SQL blocking rules with lifecycle management.

Fields:

id - Rule ID
pattern_id - Associated pattern (optional)
sql_expression - Safe SELECT query
status - Lifecycle state (candidate → shadow → active → deprecated)
origin - Origin ('llm', 'pattern_mining', 'manual')
created_at, updated_at - Timestamps

RuleEvaluation

Evaluation metrics for rules.

Fields:

id - Evaluation ID
rule_id - Associated rule
time_period_start, time_period_end - Evaluation window
hits_total - Total messages matched
spam_hits - Spam messages matched
ham_hits - Non-spam messages matched
precision - spam_hits / hits_total
recall - (requires total spam count)
coverage - hits_total / total_messages

LLM Usage

Important: PATAS uses LLMs for offline pattern discovery only, not for real-time message classification.

LLM Role

✅ Pattern Discovery: Analyze aggregated spam signals to identify semantic patterns
✅ SQL Rule Generation: Propose SQL rules that catch spam variations
✅ SQL Quality Validation (optional): Assess false positive risks for generated rules
✅ Offline Only: All LLM processing happens during pattern mining, not during message evaluation

What LLMs Do NOT Do

❌ NOT used for real-time message classification
❌ NOT making ban/unban decisions
❌ NOT processing individual messages online

LLM Configuration

Provider: Configurable (OpenAI, local/on-prem endpoint, or disabled)
Privacy: On-prem deployment by default, no hardcoded external calls
Data: LLM sees only aggregated signals (top URLs, keywords, sample messages), not individual user messages
Validation: LLM quality validation (if enabled) uses the same client/API key as pattern mining

See LLM Usage for detailed documentation.

Core Services

Ingestion (`v2_ingestion.py`)

Purpose: Load messages from external sources into PATAS storage.

Components:

TASLogIngester - Ingest from TAS API or storage
CSVIngester - Ingest from CSV files
Idempotency handling via external_id

Flow:

Fetch messages from source
Normalize to Message model
Store in database (with deduplication)

Pattern Mining (`v2_pattern_mining.py`)

Purpose: Discover spam patterns from message corpus.

Components:

PatternMiningPipeline - Main orchestration
PatternMiningEngine - Abstract interface (implemented by LLM engine)
Chunked processing for large datasets
Pre-aggregation before LLM calls

Flow:

Load messages from storage
Aggregate by type (URLs, keywords, etc.)
Cluster similar messages (semantic or exact)
Generate pattern descriptions via LLM
Create Pattern records

Rule Lifecycle (`v2_rule_lifecycle.py`)

Purpose: Manage rule state transitions.

State Machine:

candidate → Newly discovered, not yet evaluated
shadow → Evaluated on historical data, not active
active → Deployed and monitoring
deprecated → Deactivated due to poor performance

Components:

RuleLifecycleService - State transitions
Validation before state changes
Audit logging

Shadow Evaluation (`v2_shadow_evaluation.py`)

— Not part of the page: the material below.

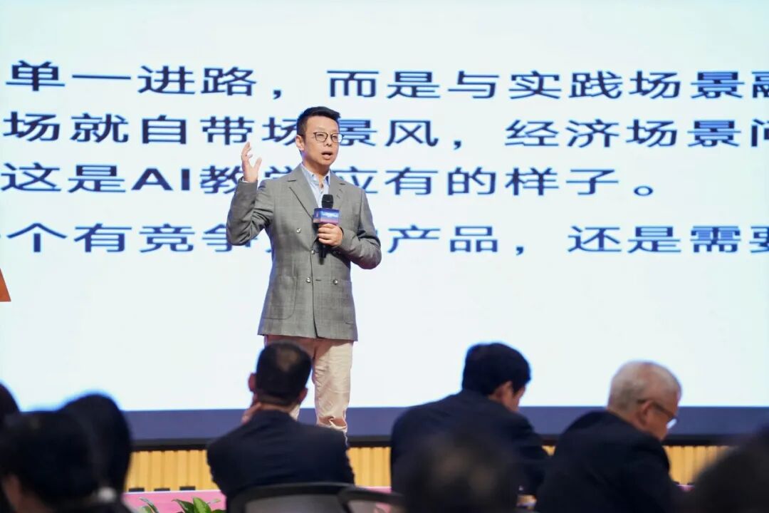 陸丹博士隨后以“知識進階與AI支持”為題,發(fā)表了兼具理論高度與落地價值的的精彩發(fā)言,引發(fā)全場廣泛共鳴。他從教育演進規(guī)律、行業(yè)實踐總結(jié)與未來發(fā)展趨勢三個維度出發(fā),闡述了當前教育創(chuàng)新的深層邏輯與可行路徑。

Purpose: Evaluate rules on historical data without deploying them.

Components:

ShadowEvaluationService - Run SQL queries on message storage
Compute metrics (precision, recall, coverage, ham_rate)
Store results in RuleEvaluation

Flow:

Load shadow rules
Execute sql_expression on message storage
Compute metrics
Store RuleEvaluation records

Promotion (`v2_promotion.py`)

Purpose: Promote good rules to active, deprecate bad ones.

Components:

PromotionService - Review evaluation metrics
Apply safety profile thresholds
Export rules to external systems (via RuleBackend)

Flow:

Load shadow rules with recent evaluations
Check metrics against safety profile thresholds
Promote to active if thresholds met
Export to external system (your platform, etc.)
Deprecate active rules if metrics degrade

Rule Backend (`v2_rule_backend.py`)

Purpose: Export rules to external systems.

Interfaces:

RuleBackend - Abstract interface
SqlRuleBackend - Export as SQL
RolRuleBackend - Export as ROL (Rule Object Language)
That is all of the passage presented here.